Roger Pezzani and Alex Schymyck of the Garden Court Mental Health Law Team acting, instructed by Ben Conroy and Joseph Railton of Conroys Solicitors.
The circumstances in which the Mental Health Tribunal must adjourn to obtain evidence regarding aftercare have long troubled the higher courts and tribunals. The leading authority AM v West London Mental Health NHS Trust and Secretary of State for Justice  UKUT 382 (AAC) (approved by the Court of Appeal in AM v West London Mental Health NHS Trust  EWCA Civ 1010;  MHLO 73) had been interpreted by some Tribunals as providing an almost unlimited discretion to proceed without aftercare evidence.
Now the Upper Tribunal has provided important guidance constraining the circumstances in which the Tribunal may proceed without aftercare evidence:
- The Tribunal should adjourn to obtain aftercare evidence where it is capable of affecting the the outcome of the hearing.

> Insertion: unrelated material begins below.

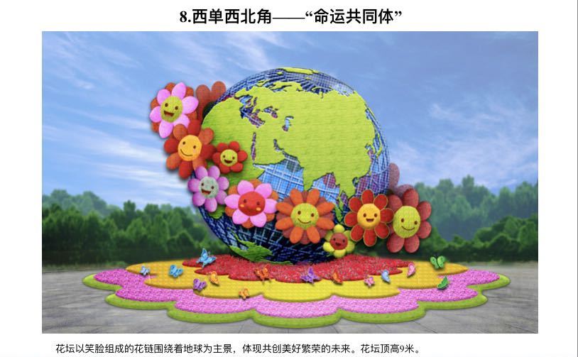 西单西北角布置“命运共同体”主题花坛,花坛顶高9米,以笑脸组成的花链围绕着地球为主景,体现全世界人民携手共创美好繁荣的未来。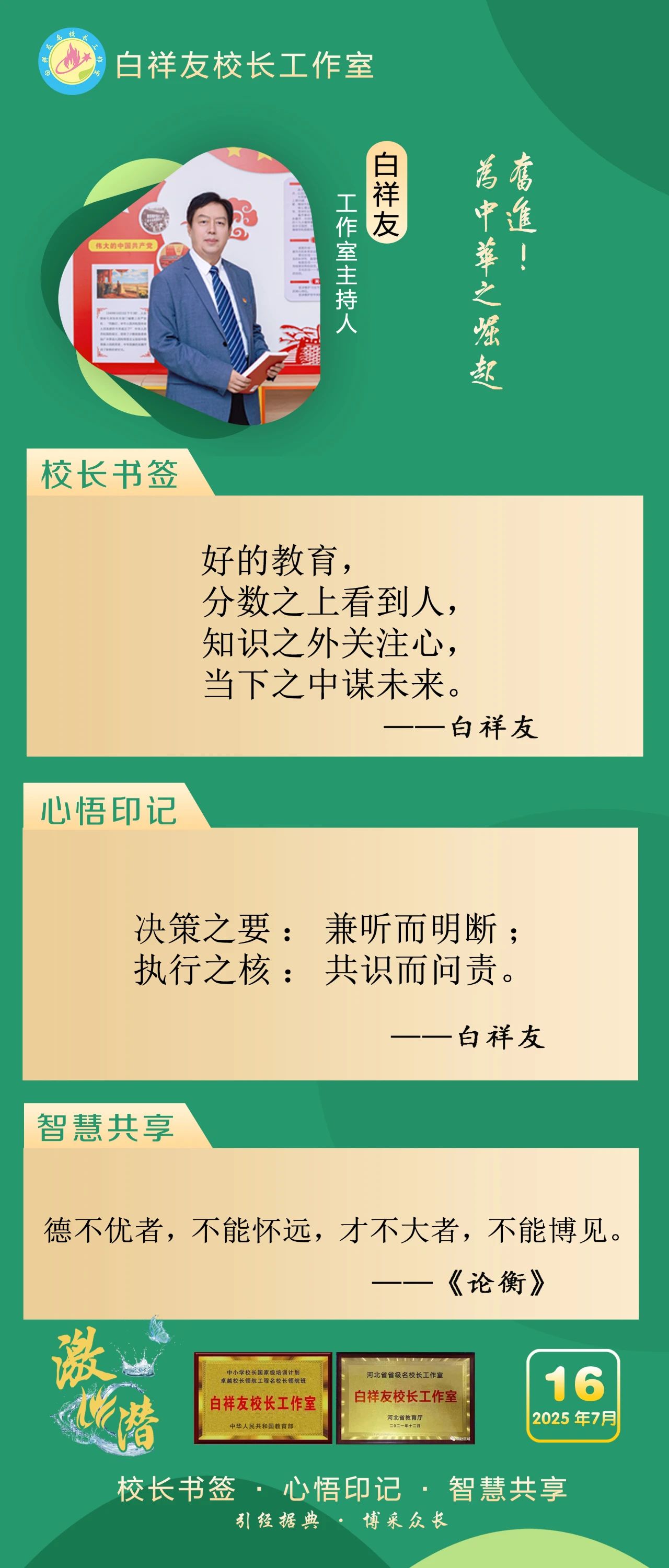 “白祥友校长工作室”成立于2019年4月,是教育部“国培计划”中小学名校长领航工程、河北省首批名校长工作室,目前省内外成员校59所。工作室坚持“资源共享、智慧共融、互助共赢”理念,已成为思想碰撞的交流场,资源共享的品牌站,成果展示的辐射源。

AM was a relatively unusual case where aftercare evidence was not capable of affecting the outcome.
- It is procedurally unfair to refuse an adjournment request from a patient where the detaining authority has failed to provide relevant evidence such as that addressing aftercare.
- The Tribunal must not 'kick the can down the road' and leave matters to be resolved by a future Tribunal. Procedural fairness applies at each stage of the process and an unfair Tribunal hearing cannot be cured by the possibility of a future hearing.